Genetic susceptibility and occupational cancer.

作者信息

Hayes R B

机构信息

Epidemiology and Biostatistics Program, U.S. National Cancer Institute, Bethesda, MD 20895, USA.

出版信息

Med Lav. 1995 May-Jun;86(3):206-13.

PMID:7565279
Abstract

This review describes statistical models for the biological interaction of susceptibility genes and environmental exposures, as observed in epidemiologic studies. The importance of metabolic transformation of industrial carcinogens and the potential role of genetic polymorphisms in metabolic enzyme activity are outlined. Several genetic polymorphisms have been associated with cancer risk, but the link with the relevant exposures has only infrequently been specified. For example, studies show that slow N-acetylation increased bladder cancer risk among workers exposed to some arylamines, as found among dye workers in England, but that this effect does not hold for benzidine exposure. This link of a genetic susceptibility factor with cancer risk due to some aromatic amines, but not to others, illustrated the specific nature of metabolic environment/gene interactions. Epidemiologic studies to investigate the role of genetic susceptibility in cancer development promise to further the identification of human carcinogens by focusing on susceptible individuals and, in turn, to enhance understanding of human cancer by relating cancer risk in populations to underlying biologic processes.
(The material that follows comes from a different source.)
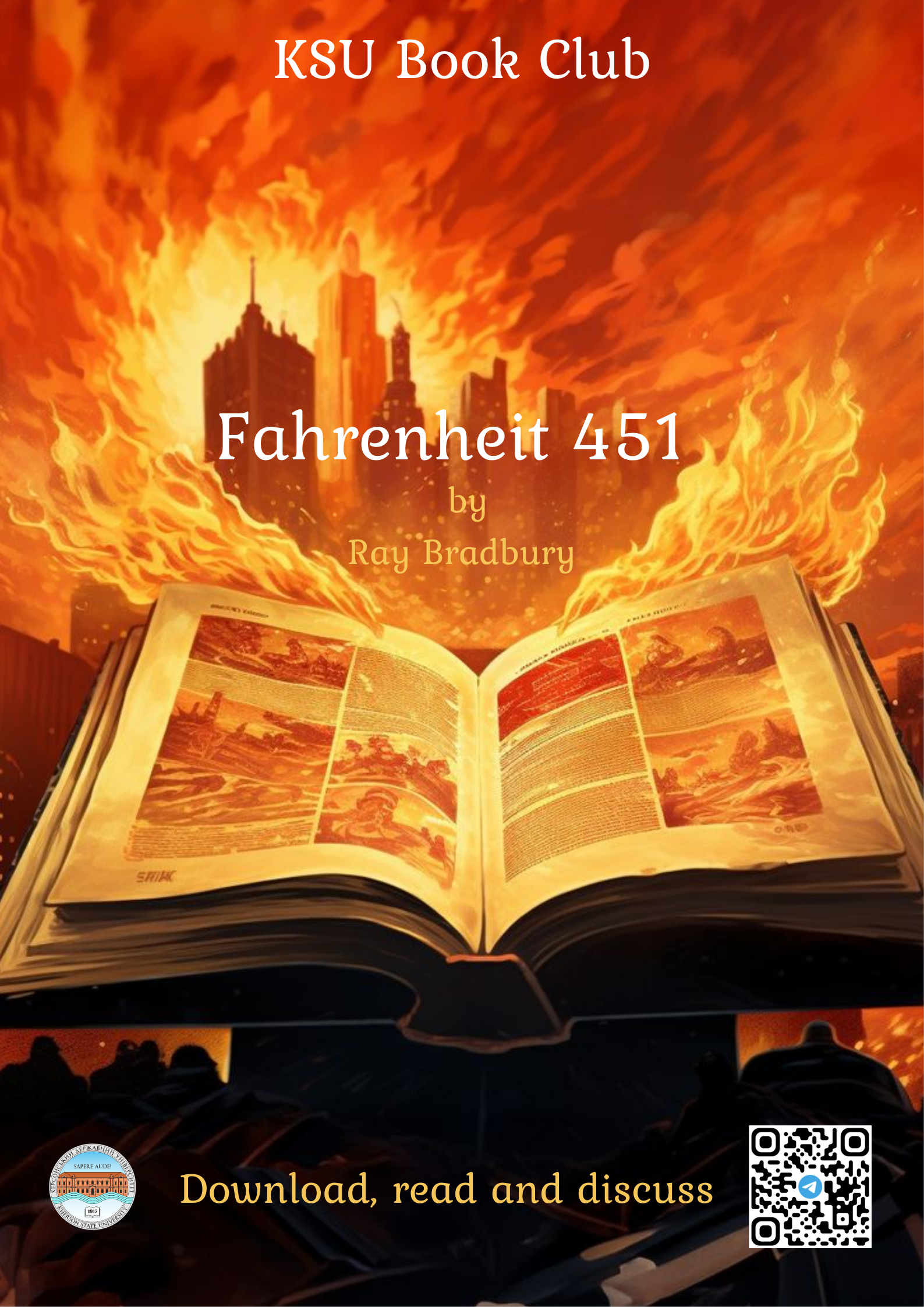 We are pleased to announce that for the book club members who have read Ray Bradbury's Fahrenheit 451 this month, the final KSU Book Club meeting this semester to discuss it will be held on Tuesday, 03.06 at 16.00.

Occupational studies are key to this effort.

摘要

本综述描述了在流行病学研究中观察到的易感性基因与环境暴露之间生物学相互作用的统计模型。概述了工业致癌物代谢转化的重要性以及基因多态性在代谢酶活性中的潜在作用。几种基因多态性与癌症风险相关,但与相关暴露的联系很少被明确指出。例如,研究表明,慢N-乙酰化增加了接触某些芳胺的工人患膀胱癌的风险,如在英国染料工人中发现的那样,但这种效应在联苯胺暴露中并不成立。这种遗传易感性因素与某些芳香胺而非其他芳香胺导致的癌症风险之间的联系,说明了代谢环境/基因相互作用的特殊性。旨在研究遗传易感性在癌症发生中作用的流行病学研究,有望通过关注易感个体来进一步识别人类致癌物,进而通过将人群中的癌症风险与潜在生物学过程联系起来,增进对人类癌症的理解。职业研究是这项工作的关键。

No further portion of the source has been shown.